THERMOPHILIC F1-ATPASE IS ACTIVATED WITHOUT DISSOCIATION OF AN ENDOGENOUS INHIBITOR, EPSILON SUBUNIT

Abstract Subunit complexes (α3β3γ, α3β3γδ, α3β3γe, and α3β3γδe) of thermophilic F1-ATPase were prepared, and their catalytic properties were compared to know the role of δ and e subunits in catalysis. The presence of δ subunit in the complexes had slight inhibitory effect on the ATPase activity. The effect of e subunit was more profound. The (−e) complexes, α3β3γ and α3β3γδ, initiated ATP hydrolysis without a lag. In contrast, the (+e) complexes, α3β3γe and α3β3γδe, started hydrolysis of ATP (<700 μm) with a lag phase that was gradually activated during catalytic turnover. As ATP concentration increased, the lag phase of the (+e) complexes became shorter, and it was not observed above 1 mm ATP. Analysis of binding and hydrolysis of the ATP analog, 2′,3′-O-(2,4,6-trinitrophenyl)-ATP, suggested that the (+e) complexes bound substrate only slowly.
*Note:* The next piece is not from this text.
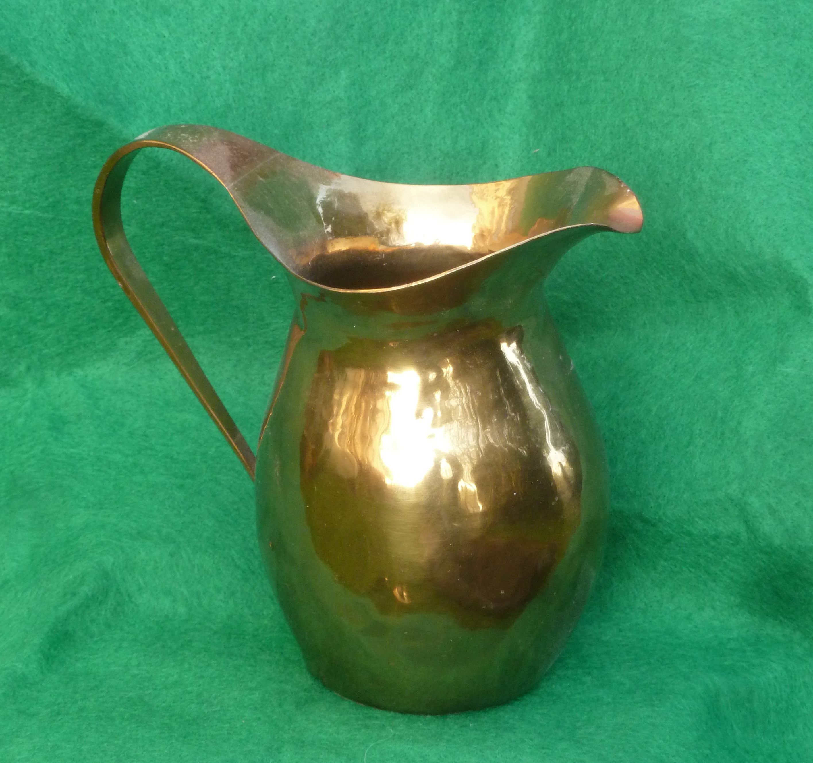 British school 1970s-1980s, gilding metal. I don't know much about these. They were in the collection of a friend's dad, a school metalwork teacher (If anyone remembers a Mr Haylor in Essex, please shout!). No idea who made them, but they're lovely work, particularly the jug. Very impressive for school work.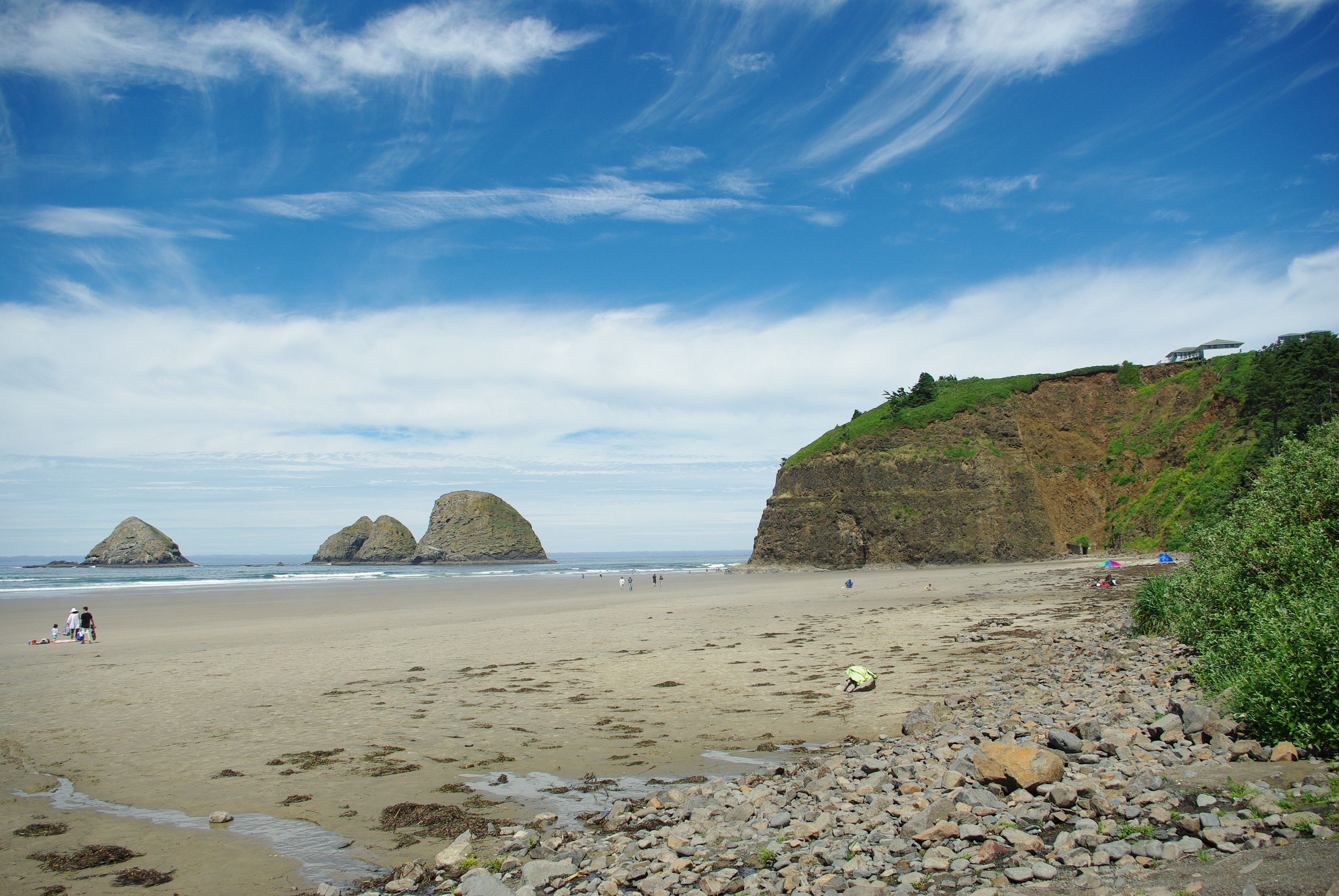 Beach at Oceanside, Oregon in June 2013.

Differing fromEscherichia coli F1-ATPase, the activation of the (+e) complexes from the lag phase was not due to dissociation of e subunit since the re-isolated activated complex retained e subunit. This indicates that there are two alternative forms of the (+e) complex, inhibited form and activated form, and the inhibited one is converted to the activated one during catalytic turnover.